Then the next guy hits a ball towards the hole that the second baseman dives for and doesn't get, it slips out of his glove and goes out behind the first baseman. You know where this is going, the Padres lose. Lem finishes his story, not an ounce of emotion on his face or in his voice. I suppose it came from having so much experience, but being able to watch a guy lose a bet like that and just not show any emotion was etched into my mind of what a pro has to do. Like you could read a 300-page book on how to act professional and what to do to having staying power as a pro and still only kind of get it, yet in a 5 minute conversation Lem taught me a lot of those lessons that I never forgot.
brings to mind the soccer stadium in bayern munich, or ''munchen'' as pinnacle puts it.
scoreless late in the first half, and the crowd starts singing their rally songs. the lesser visiting team scores. the crowd never breaks stride, keep belting out the lyrics, sing a few more, seemingly oblivious to their side being down a goal at the end of the first half.
wouldn't you know it, the second half starts, the crowd keeps singing, their star player lewandowski scores 5 goals in like 9 minutes, some kind of record, the home team wins for fun.
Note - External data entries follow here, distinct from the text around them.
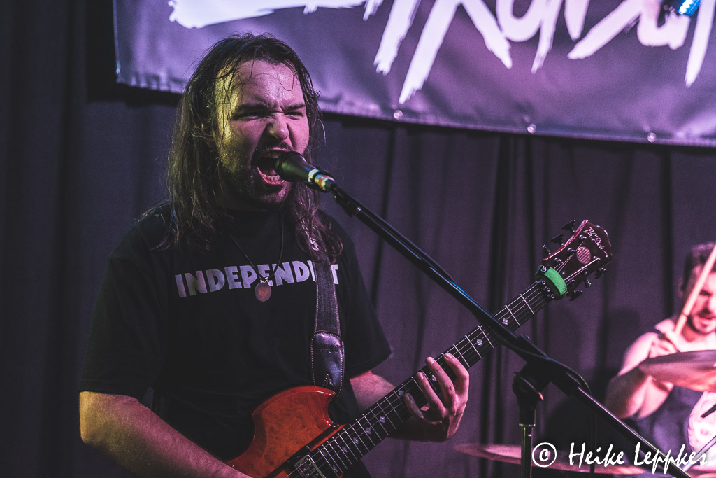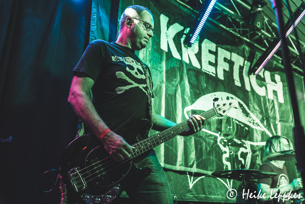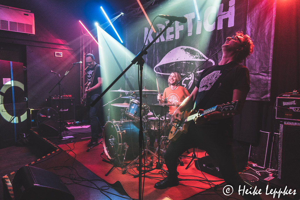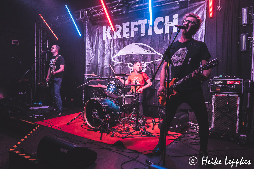 Drei Bands sind heute am Start, den Auftakt macht Kreftich. Die Band wurde bereits im Jahr 1996 in Dinslaken gegründet, und wenn ich es im Internet richtig gelesen habe, ist das Trio nach wie vor mit den drei Gründungsmitgliedern Flo, Lasse und Hagi besetzt. Nach den Alben Stillos! aus 2007 und Bis Hierhin Und Dann Weiter aus 2011 ist niemals stumm aus 2018 bislang das letzte Album. Begrüßt werden wir mit den Worten „Hallo Duisburg!“, aber im Laufe der Show wird in den Ansagen aus „Duisburg“ auch gern mal „Oberhausen“, und tatsächlich fällt auch mal der Name „Essen“ 😀 Neben sehr witzigen Dialogen haben die Männer aber natürlich auch Musik dabei und können mit Songs wie Der Berg Ruft, Notruf, Orkan oder Gegenwind die Anwesenden schon mal auf Betriebstemperatur bringen. Da treten dann auch die ersten Moshwütigen auf den Plan, aber es hält sich noch im Rahmen.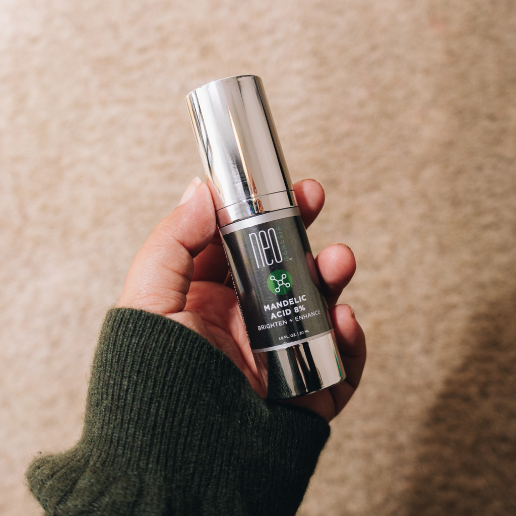 NeoGenesis Mandelic Acid 8% gently exfoliates and balances the skin. This multi-purpose serum assists in minimizing the appearance of blemishes, discoloration, scarring, and softening fine lines and wrinkles.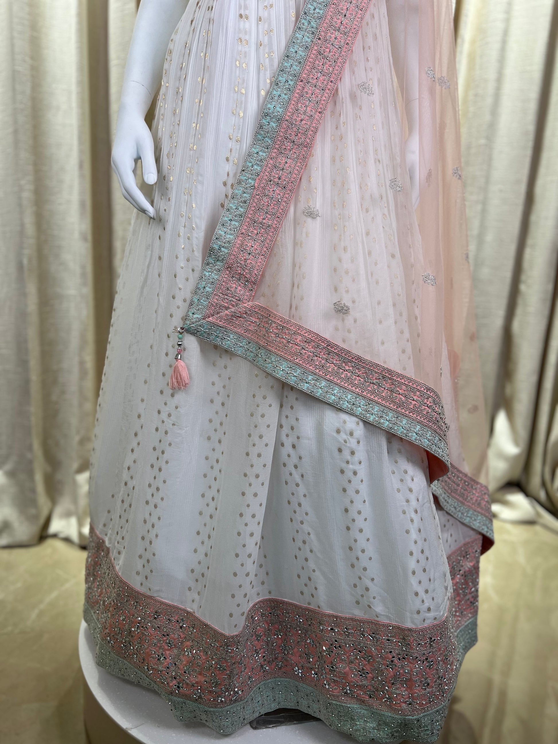 Ethereal and feminine, this Anarkali-style gown features a blush pink sleeveless bodice intricately adorned with mirror work and delicate embroidery, perfectly complemented by a flowy white flare accentuated with subtle gold vertical patterns. The hemline is richly bordered with sequins, zari embroidery, and contrast mint green edging for a refined finish. Paired with a soft peach net dupatta bordered in coordinating embroidery and tassel detailing, this ensemble is a celebration of grace and sparkle. Ideal for weddings, receptions, or festive evenings, this outfit blends traditional craftsmanship with modern elegance.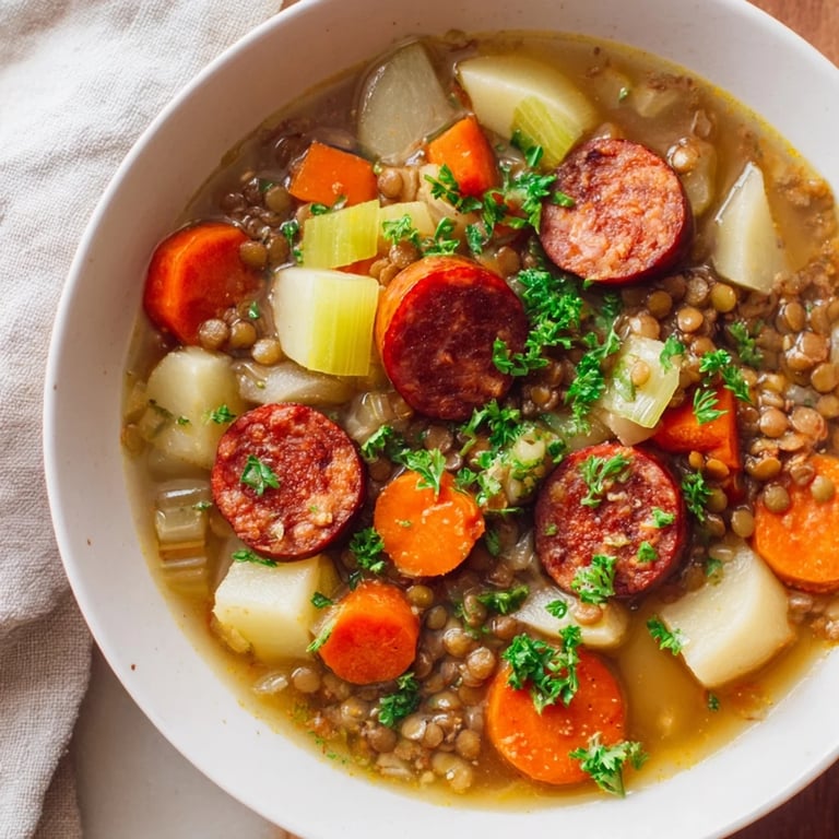 Guardar Un guiso alemán de lentejas en Instant Pot, abundante y reconfortante, que combina las tradicionales lentejas con chorizo ahumado, zanahorias y vegetales de raíz, listos de forma rápida y sencilla.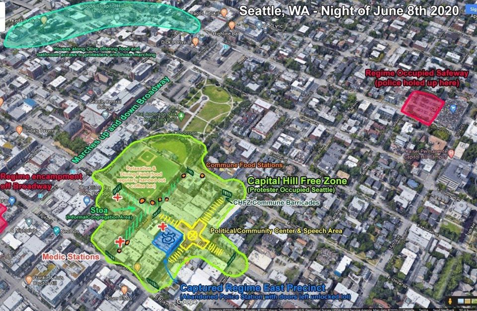 Отмечается, что шесть кварталов в центре Сиэтла были объявлены активистами "Зоной свободного Капитолийского холма" или "Автономной зоной Капитолийского холма".
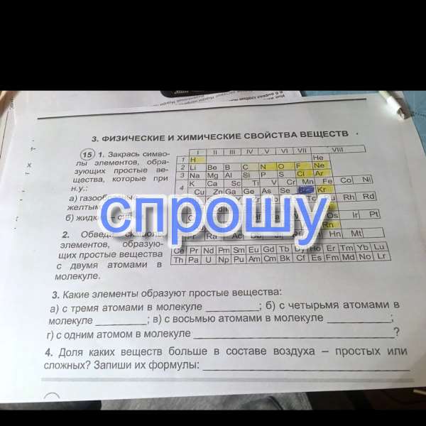 3. кислород (вещ. озон - O3), фосфор (белый фосфор - P4), молекулярная сера (S8) , любой благородный газ (гелий, например).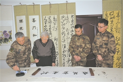 活動現場,女生獨唱《莫斯科郊外的晚上》、詩朗誦《奮進一流譜新篇》……一個個軍地聯(lián)合自編自演的節(jié)目受到歡迎。洛陽市書畫院的書法愛好者現場揮毫潑墨,多種書體各顯神韻。老干部、老阿姨拿著一副副寓意深刻、飽含祝福的春聯(lián)、“福”字,喜笑顏開。

had to verify my memory was accurate:
On 22 September 2015, Lewandowski set a
Bundesliga record by coming on as a substitute with Bayern trailing 0–1 to Wolfsburg and scoring five goals in 8 minutes and 59 seconds, the fastest by any player in Bundesliga history, to take a 5–1 lead. He also set Bundesliga records for the fastest
hat-trick (three goals in four minutes), and most goals scored by a substitute (five).
[81] Lewandowski's five goals in nine minutes was also the fastest in any major European football league since
Opta began keeping records, and it ended Wolfsburg's 14-match unbeaten run.
[82] He was awarded four certificates by
Guinness World Records for this feat.